Download or read book Heating Ventilation and Air Conditioning Fault Detection Using the Fuzzy JESS Toolkit written by Peter Knall and published by . This book was released on 2014 with total page 75 pages. Available in PDF, EPUB and Kindle. Book excerpt: Research into automated methods for detecting and diagnosing faults in heating, ventilating, and air conditioning systems has been an ongoing process for many years and, as a result, there have been many different methods developed for that purpose. A basic fault detection system is presented based on aspects of several of those approaches using performance index calculations, statistical process control methods, fuzzy logic, and rule-based inference. Factors that drive research in fault detection and diagnosis in the Heating, Ventilation, and Air Condition (HVAC) industry are discussed. A simple HVAC controller is presented with a discussion of the faults the control may experience. These faults are classified into categories, which are then used to develop a test procedure for the fault detection system. The fault detection system is then presented in three modules: preprocessing of sensor data, conversion to fuzzy values, and detection using the JESS inference engine. Sensor data is preprocessed into a time-based performance index based on a departure from setpoint and an exponentially weighted moving average calculation. The conversion of the error values into fuzzy values is then discussed. Once the error values are calculated, the fuzzy error values and controller data are applied to expert rules through the JESS inference engine to detect control faults. This model is tested in two phases. First, data obtained from simulated faults is used during phase one. Phase two applies the fault detection system to a small office building. Finally, the results of the two tests are discussed.

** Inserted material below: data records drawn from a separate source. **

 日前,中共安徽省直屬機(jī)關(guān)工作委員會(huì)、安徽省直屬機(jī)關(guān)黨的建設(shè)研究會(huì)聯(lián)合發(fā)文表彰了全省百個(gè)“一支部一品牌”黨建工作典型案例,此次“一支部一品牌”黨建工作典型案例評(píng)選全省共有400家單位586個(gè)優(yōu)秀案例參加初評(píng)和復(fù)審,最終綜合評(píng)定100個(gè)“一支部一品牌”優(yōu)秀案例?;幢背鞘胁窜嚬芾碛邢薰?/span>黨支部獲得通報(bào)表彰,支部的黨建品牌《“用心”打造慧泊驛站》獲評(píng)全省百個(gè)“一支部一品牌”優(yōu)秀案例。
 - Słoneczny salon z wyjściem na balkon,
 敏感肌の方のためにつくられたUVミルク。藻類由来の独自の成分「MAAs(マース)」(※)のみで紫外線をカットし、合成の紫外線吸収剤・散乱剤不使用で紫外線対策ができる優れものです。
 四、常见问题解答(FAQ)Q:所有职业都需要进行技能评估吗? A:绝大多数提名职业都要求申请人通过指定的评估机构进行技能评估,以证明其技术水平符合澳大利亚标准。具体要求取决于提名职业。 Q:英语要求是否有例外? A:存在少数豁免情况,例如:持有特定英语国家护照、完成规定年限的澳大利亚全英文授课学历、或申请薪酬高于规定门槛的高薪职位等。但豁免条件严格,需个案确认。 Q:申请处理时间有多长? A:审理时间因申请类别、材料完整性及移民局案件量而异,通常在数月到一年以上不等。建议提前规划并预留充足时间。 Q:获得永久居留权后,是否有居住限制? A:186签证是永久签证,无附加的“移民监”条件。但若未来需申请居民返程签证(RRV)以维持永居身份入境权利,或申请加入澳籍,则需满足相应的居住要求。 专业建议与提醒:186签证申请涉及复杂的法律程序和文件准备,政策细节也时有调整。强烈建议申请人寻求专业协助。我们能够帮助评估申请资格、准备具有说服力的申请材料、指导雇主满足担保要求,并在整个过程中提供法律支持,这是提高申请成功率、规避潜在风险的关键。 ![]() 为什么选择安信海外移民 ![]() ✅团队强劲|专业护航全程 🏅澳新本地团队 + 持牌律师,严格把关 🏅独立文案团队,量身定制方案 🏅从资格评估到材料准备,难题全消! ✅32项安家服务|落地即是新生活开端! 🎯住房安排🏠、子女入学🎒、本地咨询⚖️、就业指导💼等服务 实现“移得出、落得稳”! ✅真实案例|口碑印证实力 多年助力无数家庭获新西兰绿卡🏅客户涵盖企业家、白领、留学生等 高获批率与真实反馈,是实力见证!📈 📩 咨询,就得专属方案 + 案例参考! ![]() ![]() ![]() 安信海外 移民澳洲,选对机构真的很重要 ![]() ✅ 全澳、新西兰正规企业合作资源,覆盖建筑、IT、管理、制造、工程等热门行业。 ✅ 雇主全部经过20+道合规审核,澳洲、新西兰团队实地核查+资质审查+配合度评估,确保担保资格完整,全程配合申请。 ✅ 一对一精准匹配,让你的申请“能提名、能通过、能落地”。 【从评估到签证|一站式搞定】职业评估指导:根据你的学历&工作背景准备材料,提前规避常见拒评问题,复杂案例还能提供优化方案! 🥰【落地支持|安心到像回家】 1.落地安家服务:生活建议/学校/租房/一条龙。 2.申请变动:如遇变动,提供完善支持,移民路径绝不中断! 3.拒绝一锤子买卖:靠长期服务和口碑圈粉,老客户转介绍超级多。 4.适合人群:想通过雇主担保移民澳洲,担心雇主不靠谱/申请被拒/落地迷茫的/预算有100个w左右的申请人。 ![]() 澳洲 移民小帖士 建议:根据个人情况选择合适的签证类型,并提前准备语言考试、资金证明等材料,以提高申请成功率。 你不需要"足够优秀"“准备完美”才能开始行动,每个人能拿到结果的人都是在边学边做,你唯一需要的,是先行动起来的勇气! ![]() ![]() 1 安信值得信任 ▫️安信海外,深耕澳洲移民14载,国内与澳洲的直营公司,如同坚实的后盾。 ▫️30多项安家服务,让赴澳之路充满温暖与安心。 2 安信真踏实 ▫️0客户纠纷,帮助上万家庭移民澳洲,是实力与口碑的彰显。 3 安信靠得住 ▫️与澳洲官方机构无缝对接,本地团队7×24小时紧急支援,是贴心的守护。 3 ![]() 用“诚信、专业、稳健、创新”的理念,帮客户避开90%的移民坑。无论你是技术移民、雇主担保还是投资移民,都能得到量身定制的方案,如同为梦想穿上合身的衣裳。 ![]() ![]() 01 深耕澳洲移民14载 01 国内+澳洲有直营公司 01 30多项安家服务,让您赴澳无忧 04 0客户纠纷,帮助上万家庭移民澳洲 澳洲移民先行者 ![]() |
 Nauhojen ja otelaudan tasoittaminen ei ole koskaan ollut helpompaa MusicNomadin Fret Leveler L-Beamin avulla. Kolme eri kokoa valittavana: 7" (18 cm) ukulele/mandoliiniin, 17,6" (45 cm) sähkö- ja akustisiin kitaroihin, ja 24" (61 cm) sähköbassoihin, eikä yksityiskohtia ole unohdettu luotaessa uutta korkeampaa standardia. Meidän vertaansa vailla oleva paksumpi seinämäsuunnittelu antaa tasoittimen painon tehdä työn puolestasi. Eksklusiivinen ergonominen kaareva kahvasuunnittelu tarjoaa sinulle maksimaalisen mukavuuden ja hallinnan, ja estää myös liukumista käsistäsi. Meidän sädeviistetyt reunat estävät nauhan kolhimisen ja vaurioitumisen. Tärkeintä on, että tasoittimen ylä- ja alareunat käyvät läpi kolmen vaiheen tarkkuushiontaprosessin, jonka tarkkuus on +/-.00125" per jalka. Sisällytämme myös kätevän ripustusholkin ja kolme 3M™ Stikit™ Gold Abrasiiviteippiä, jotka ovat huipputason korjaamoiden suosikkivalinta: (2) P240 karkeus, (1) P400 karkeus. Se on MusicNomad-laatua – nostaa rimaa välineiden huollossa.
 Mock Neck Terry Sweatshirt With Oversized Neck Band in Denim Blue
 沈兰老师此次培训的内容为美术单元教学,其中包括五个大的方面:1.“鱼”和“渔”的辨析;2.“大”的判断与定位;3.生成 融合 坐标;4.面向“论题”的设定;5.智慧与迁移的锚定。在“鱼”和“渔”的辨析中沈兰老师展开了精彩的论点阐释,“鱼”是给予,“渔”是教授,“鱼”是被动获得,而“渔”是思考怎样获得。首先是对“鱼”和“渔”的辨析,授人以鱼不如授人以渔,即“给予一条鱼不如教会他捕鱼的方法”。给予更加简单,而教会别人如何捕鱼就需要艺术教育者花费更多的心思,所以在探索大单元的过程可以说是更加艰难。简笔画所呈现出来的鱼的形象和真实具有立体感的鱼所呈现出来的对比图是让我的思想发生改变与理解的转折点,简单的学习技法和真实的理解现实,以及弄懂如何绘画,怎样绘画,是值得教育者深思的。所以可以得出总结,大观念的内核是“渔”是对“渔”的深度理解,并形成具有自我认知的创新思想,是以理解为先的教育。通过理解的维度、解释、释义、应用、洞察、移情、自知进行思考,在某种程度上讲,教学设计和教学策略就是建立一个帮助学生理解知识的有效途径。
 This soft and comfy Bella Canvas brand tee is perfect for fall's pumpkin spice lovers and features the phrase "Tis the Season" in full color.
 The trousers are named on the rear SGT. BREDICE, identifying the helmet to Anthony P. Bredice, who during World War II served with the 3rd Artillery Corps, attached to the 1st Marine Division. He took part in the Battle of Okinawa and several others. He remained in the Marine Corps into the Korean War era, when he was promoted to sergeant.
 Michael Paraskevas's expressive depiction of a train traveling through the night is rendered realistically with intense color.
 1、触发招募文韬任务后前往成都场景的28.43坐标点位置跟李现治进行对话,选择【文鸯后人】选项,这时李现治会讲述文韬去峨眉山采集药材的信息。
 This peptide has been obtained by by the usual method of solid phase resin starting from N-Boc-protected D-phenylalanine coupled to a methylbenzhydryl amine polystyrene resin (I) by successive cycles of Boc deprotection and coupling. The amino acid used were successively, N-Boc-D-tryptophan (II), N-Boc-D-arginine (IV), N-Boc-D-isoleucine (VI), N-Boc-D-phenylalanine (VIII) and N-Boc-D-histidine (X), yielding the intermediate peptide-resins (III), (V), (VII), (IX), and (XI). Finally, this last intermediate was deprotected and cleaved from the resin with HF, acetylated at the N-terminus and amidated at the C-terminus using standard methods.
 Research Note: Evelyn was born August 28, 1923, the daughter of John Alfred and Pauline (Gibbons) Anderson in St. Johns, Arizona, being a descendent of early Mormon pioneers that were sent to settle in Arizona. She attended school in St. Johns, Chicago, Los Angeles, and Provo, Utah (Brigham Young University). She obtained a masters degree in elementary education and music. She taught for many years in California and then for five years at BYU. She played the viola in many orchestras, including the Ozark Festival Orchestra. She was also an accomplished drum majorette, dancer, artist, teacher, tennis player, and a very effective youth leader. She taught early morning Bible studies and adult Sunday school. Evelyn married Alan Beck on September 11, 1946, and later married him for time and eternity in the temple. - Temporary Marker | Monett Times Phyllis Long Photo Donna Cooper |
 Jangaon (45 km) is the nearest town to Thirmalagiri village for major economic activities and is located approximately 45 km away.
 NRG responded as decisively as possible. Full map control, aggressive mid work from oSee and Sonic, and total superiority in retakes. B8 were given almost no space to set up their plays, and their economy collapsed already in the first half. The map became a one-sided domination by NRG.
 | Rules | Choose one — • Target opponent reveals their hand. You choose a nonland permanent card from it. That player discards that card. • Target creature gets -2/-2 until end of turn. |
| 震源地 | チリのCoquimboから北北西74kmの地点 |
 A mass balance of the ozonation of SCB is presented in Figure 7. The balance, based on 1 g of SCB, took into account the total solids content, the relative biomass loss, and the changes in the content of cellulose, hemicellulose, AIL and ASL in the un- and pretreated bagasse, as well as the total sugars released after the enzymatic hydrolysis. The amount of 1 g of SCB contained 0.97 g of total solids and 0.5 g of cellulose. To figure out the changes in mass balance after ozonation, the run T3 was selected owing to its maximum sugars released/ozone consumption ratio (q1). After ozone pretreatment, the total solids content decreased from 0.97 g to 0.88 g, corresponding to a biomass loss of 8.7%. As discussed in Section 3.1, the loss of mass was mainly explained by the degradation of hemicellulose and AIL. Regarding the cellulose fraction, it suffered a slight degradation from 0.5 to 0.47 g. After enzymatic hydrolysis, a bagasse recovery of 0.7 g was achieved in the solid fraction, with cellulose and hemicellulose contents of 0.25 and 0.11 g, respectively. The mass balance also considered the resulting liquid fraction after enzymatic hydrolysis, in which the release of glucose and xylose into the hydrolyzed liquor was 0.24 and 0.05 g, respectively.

Book Field Testing of Automated Fault Detection and Diagnosis  AFDD  Tools for Commercial Rooftop Heating  Ventilation  Air conditioning  and Refrigeration Systems

Download or read book Field Testing of Automated Fault Detection and Diagnosis AFDD Tools for Commercial Rooftop Heating Ventilation Air conditioning and Refrigeration Systems written by Annika Hacker and published by . This book was released on 2019 with total page 220 pages. Available in PDF, EPUB and Kindle. Book excerpt: Rooftop units make up more than 60% of cooling systems in commercial buildings. However, though expected to be efficient, majority have at least one, often more, faults, such as valve leakage, incorrect refrigerant charge, fouled condenser/evaporator, or expansion faults. Most faults are never detected until a major malfunction or a failure of the entire system. Automated fault detection and diagnosis (AFDD) tools constantly monitor system's performance and detect anomalies in the sensed data, allowing early problem detection. Using AFDD extends the life and health of the system and helps save energy. While there is an increased interest in implementing these tools, their technical performance has not been verified in the field. This thesis is the first karge scale field test and evaluation of AFDD tools, determining their technical performance. The scope of this work includes the development of specifications for evaluation and selection of AFDD products to be verified, development of a site selection criteria for site host requirements, and development of a measurement and verification plan, installation, and base line evaluation of AFDD products at 5 sites.